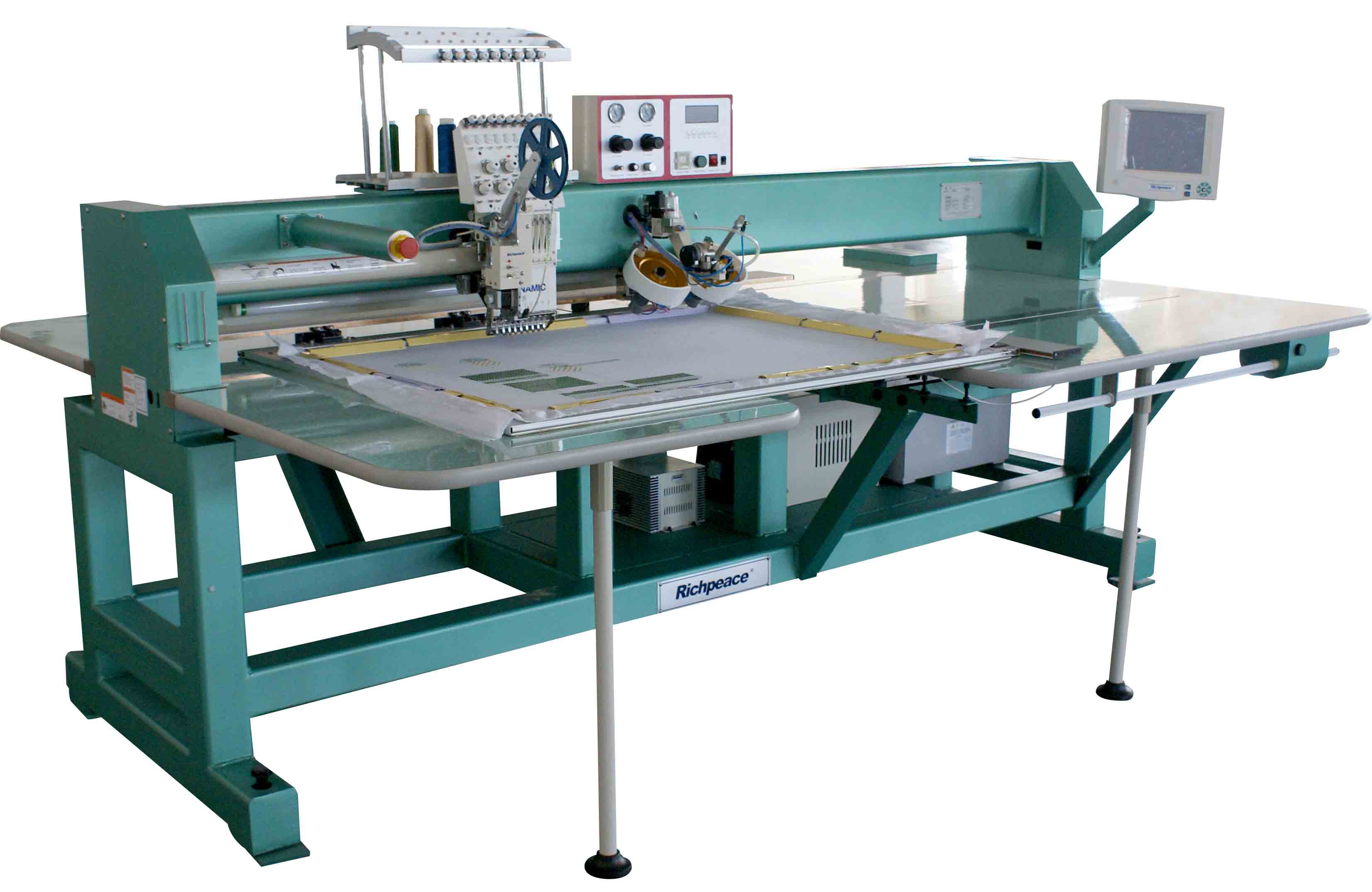 | 主要特點________________________________________• 花樣旋轉(zhuǎn)以及按比率放大和縮小:按照1%的單位增量放大縮小花樣范圍從50%到200%.按照1°的單位增量旋轉(zhuǎn)花樣范圍從0-89° • 獨立電機勾線: 更可靠,噪音小 • 可調(diào)壓腳:可以根據(jù)不同的布料厚度進行調(diào)整. • 標準繡做面積大:繡做面積為520X450mm • 電腦控制:5英寸液晶操作屏,帶USB和網(wǎng)絡(luò)接口 主要功能________________________________________• 多功能繡花機:使用范圍: T恤衫,運動衫,成衣,成帽繡以及普通的平繡 • 斷電保護功能:當電源突然斷電時,機器可以自動搜索到斷電前的暫停狀態(tài)繼續(xù)進行繡作 • 自動底線和面線斷線檢測功能:當?shù)拙或面線斷線或沒線的時候,機器會檢測到,并且自動停機 • 速度自動調(diào)節(jié):根據(jù)針步的大小自動增減轉(zhuǎn)速以調(diào)節(jié)到最合理的轉(zhuǎn)速 • 進框/倒框:進框/倒框健可以按照針跡,換色,或指定的針數(shù)進行移框 |
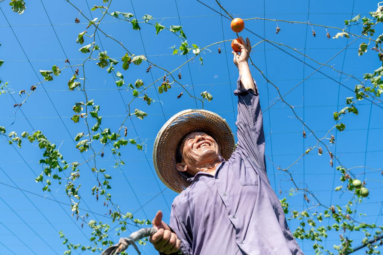 9月15日,浙江省湖州市长兴县煤山镇东风村,村民们采收的成熟吊瓜。拍友孙鑫琰摄
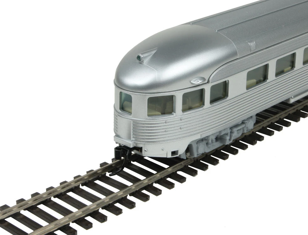 Add luxury lounge space on your classic streamliner quickly and easily with this WalthersMainline HO Scale 85′ Budd Observation! A common car on many trains, the trademark “boat tail” end of the car offered riders a receding view of the rails through wrap-around windows as they relaxed with their favorite beverages or snacks. Nicely detailed, affordably priced and built tough for years of dependable service, this car is based on fluted-side cars used my many North American railroads. 85′ Budd observation are perfect for use with other WalthersMainline HO Scale streamlined passenger cars.
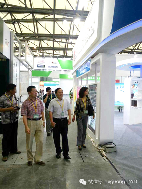 瑞光公司董事長向河南省新聞出版廣電總局副局長來有功、印刷處副處長袁松介紹我公司并引領(lǐng)領(lǐng)導(dǎo)參觀公司展區(qū)
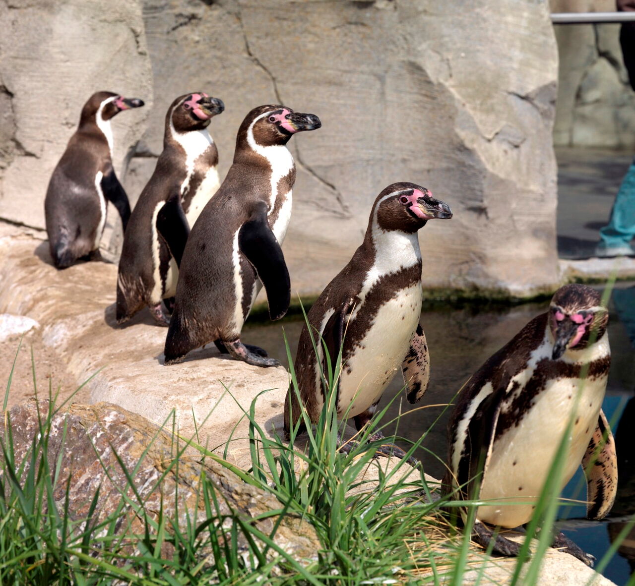 • Eine Gruppe der Humboldt-Pinguine sitzt auf einem Felsen im Gehege
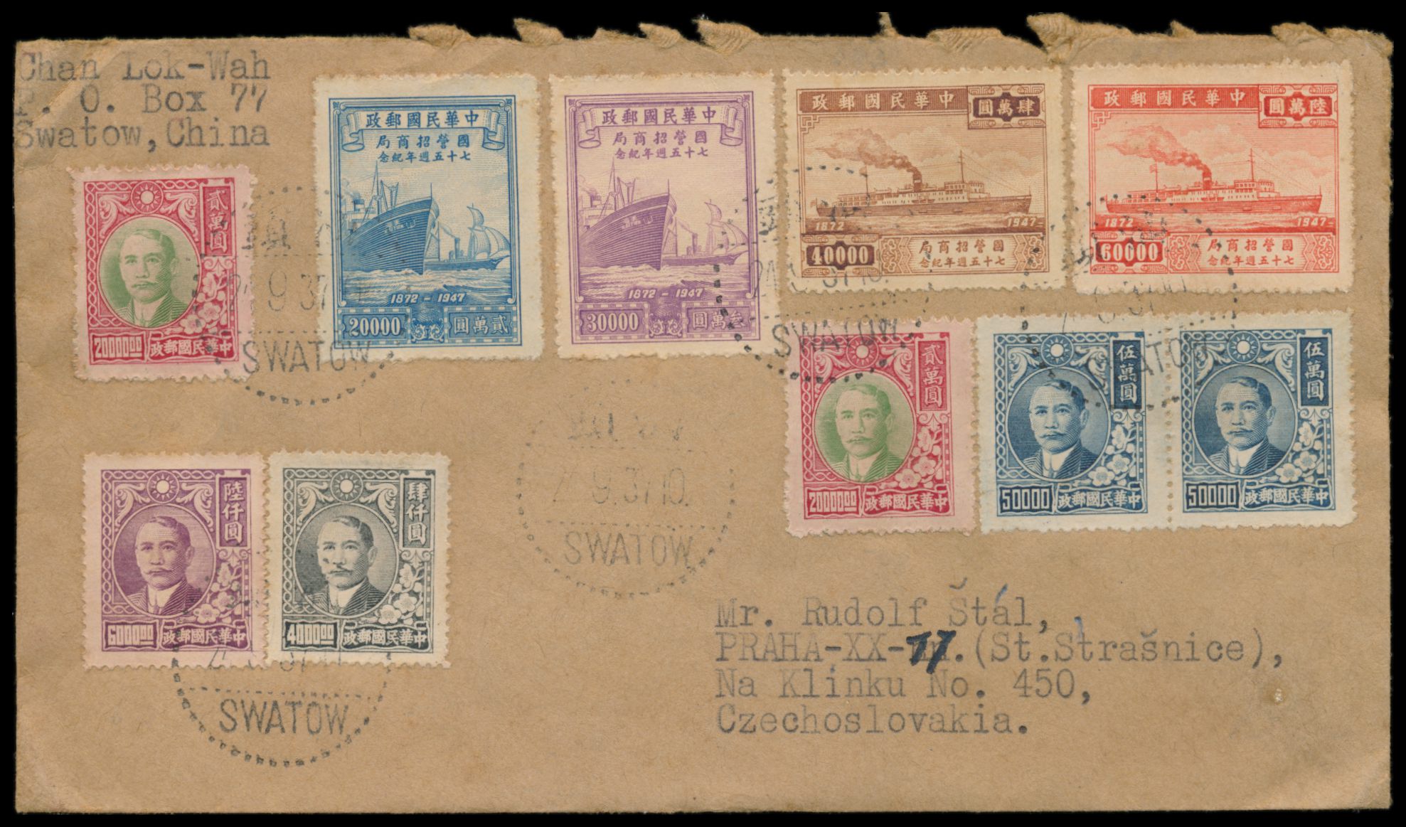 75 Jahre chinesische Kaufmanns-Dampfschiffahrt: kompletter Satz mit sechs weiteren Marken auf Brief in die Tschechoslowakei, Gesamtfrankatur 300000 $, portorichtig, Stempel Swatow 24.9.37 (1948)
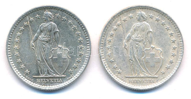 Svájc 1963-1964. 2Fr Ag (2xklf) T:1-,2 Switzerland 1963-1964. 2 Francs Ag (2xdiff) C:AU,XF Krause KM#21<a href="https://www.darabanth.com/hu/gyorsarveres/438/kategoriak~Numizmatika/Kulfoldi-fem-es-ezustpenzek~1500014/Svajc-1963-1964-2Fr-Ag-2xklf-T1-
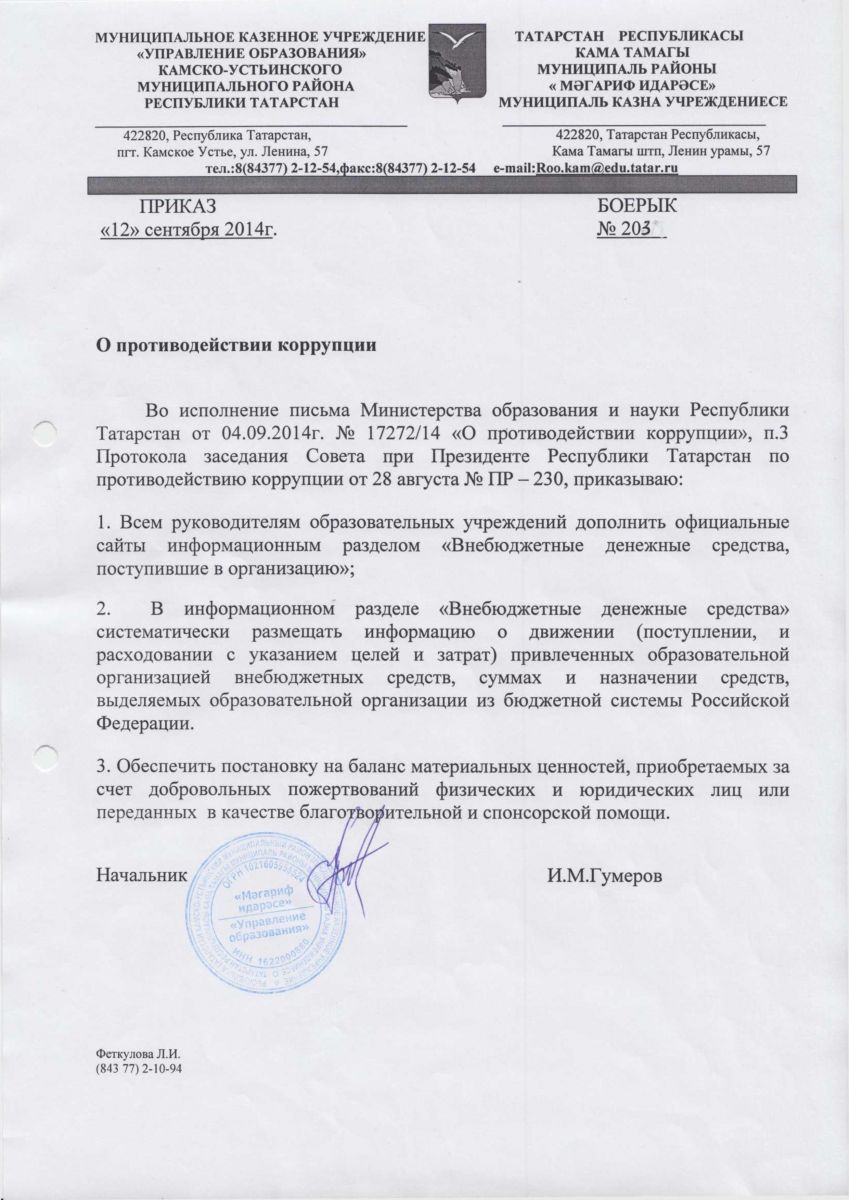 Приказ о противодействии коррупции
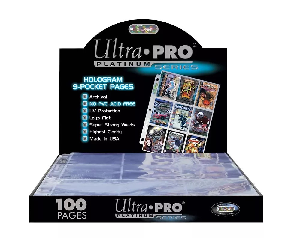 Ultra PRO Platinum Hologram stránkové obaly na 9 karet. Kvalitní stránkové obaly pro archivaci vaší sbírky sběratelských karet a jiných sběratelských předmětů. Stránky obsahují kapsy na 9 karet standartizovaných rozměrech 6,35 x 8,89 cm ( 2-1/2" x 3-1/2"). Stránky jsou na obou stranách průhledné a jsou předlisované 11-dírovým hřbetem pro flexibilní přizpůsobení.
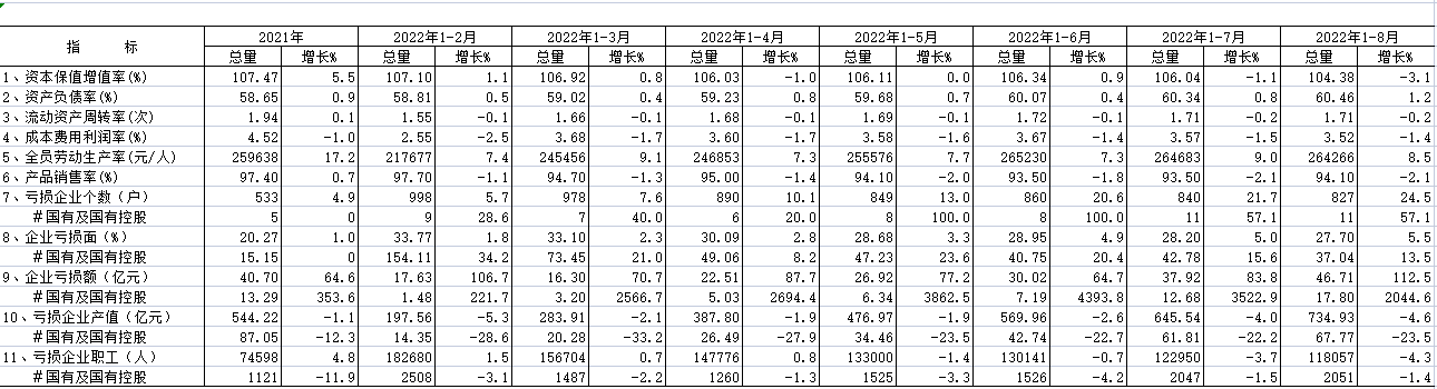 2022年8月工业企业效益(二)_统计月报_太阳3娱乐
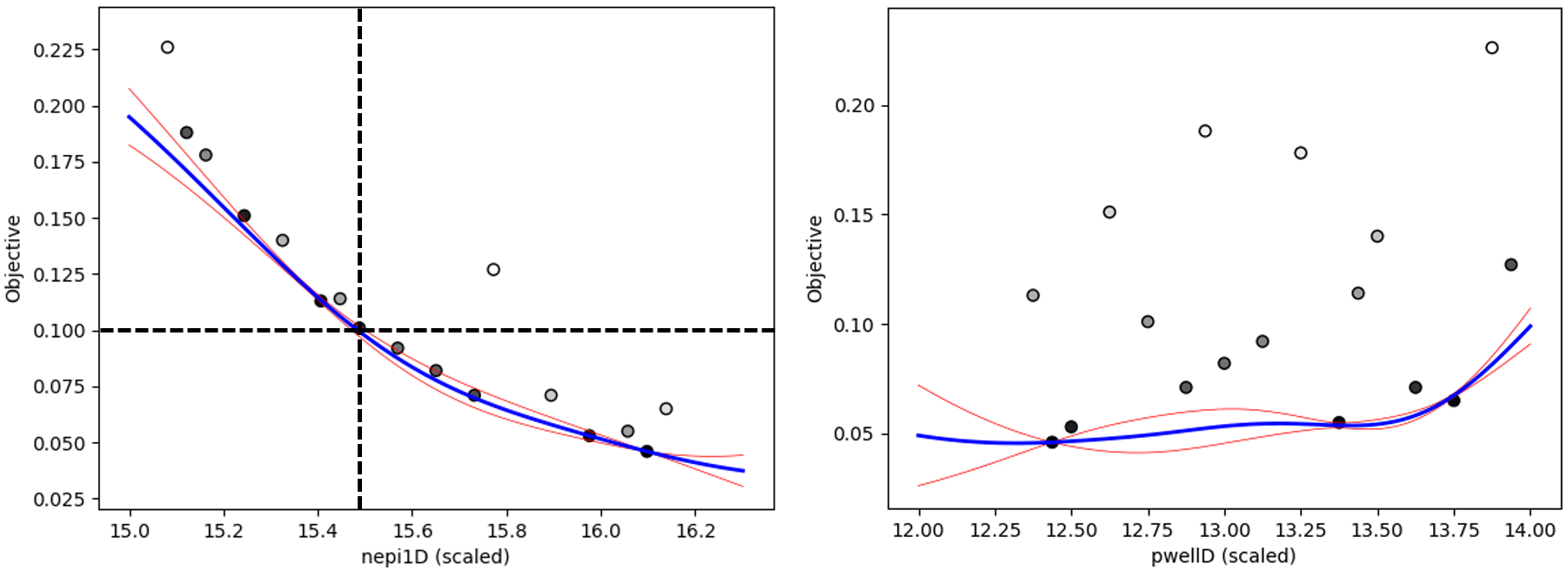 图 13 展示了一条在找到的最佳点处截取的一维切割线。在此图中,圆圈再次代表仿真数据。由于数据是二维的,并非所有点都距离切割线相同。该距离通过圆圈的背景颜色表示:颜色越深,表示距离切割线越近。此图展示了之前在函数图(图 6)中见过的特征性双势阱。蓝线对应于 RSM 的平均预测值,细红线则显示了预测均值周围的 ± 一个标准差范围。
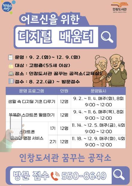 [한국뉴스타임=편집국] 구리시 인창도서관 메이커스페이스 ‘꿈꾸는 공작소’는 9월 2일부터 12월 9일까지 고령층 시민의 디지털 이해력 향상과 정보적 참여 기회 확대를 위한 '2025년 디지털 배움터'를 운영한다.
────────
What the task requires: Copy back exactly the lines above from the one containing "瑞光公司董事長向河南省新聞出" through the one containing "的平均预测值,细红线则显示了预测均值周围的 ± 一个标准差范围。", and leave every picture behind.

Written response:
 瑞光公司董事長向河南省新聞出版廣電總局副局長來有功、印刷處副處長袁松介紹我公司并引領(lǐng)領(lǐng)導(dǎo)參觀公司展區(qū)
 • Eine Gruppe der Humboldt-Pinguine sitzt auf einem Felsen im Gehege
 75 Jahre chinesische Kaufmanns-Dampfschiffahrt: kompletter Satz mit sechs weiteren Marken auf Brief in die Tschechoslowakei, Gesamtfrankatur 300000 $, portorichtig, Stempel Swatow 24.9.37 (1948)
 Svájc 1963-1964. 2Fr Ag (2xklf) T:1-,2 Switzerland 1963-1964. 2 Francs Ag (2xdiff) C:AU,XF Krause KM#21<a href="https://www.darabanth.com/hu/gyorsarveres/438/kategoriak~Numizmatika/Kulfoldi-fem-es-ezustpenzek~1500014/Svajc-1963-1964-2Fr-Ag-2xklf-T1-
 Приказ о противодействии коррупции
 Ultra PRO Platinum Hologram stránkové obaly na 9 karet. Kvalitní stránkové obaly pro archivaci vaší sbírky sběratelských karet a jiných sběratelských předmětů. Stránky obsahují kapsy na 9 karet standartizovaných rozměrech 6,35 x 8,89 cm ( 2-1/2" x 3-1/2"). Stránky jsou na obou stranách průhledné a jsou předlisované 11-dírovým hřbetem pro flexibilní přizpůsobení.
 2022年8月工业企业效益(二)_统计月报_太阳3娱乐
 图 13 展示了一条在找到的最佳点处截取的一维切割线。在此图中,圆圈再次代表仿真数据。由于数据是二维的,并非所有点都距离切割线相同。该距离通过圆圈的背景颜色表示:颜色越深,表示距离切割线越近。此图展示了之前在函数图(图 6)中见过的特征性双势阱。蓝线对应于 RSM 的平均预测值,细红线则显示了预测均值周围的 ± 一个标准差范围。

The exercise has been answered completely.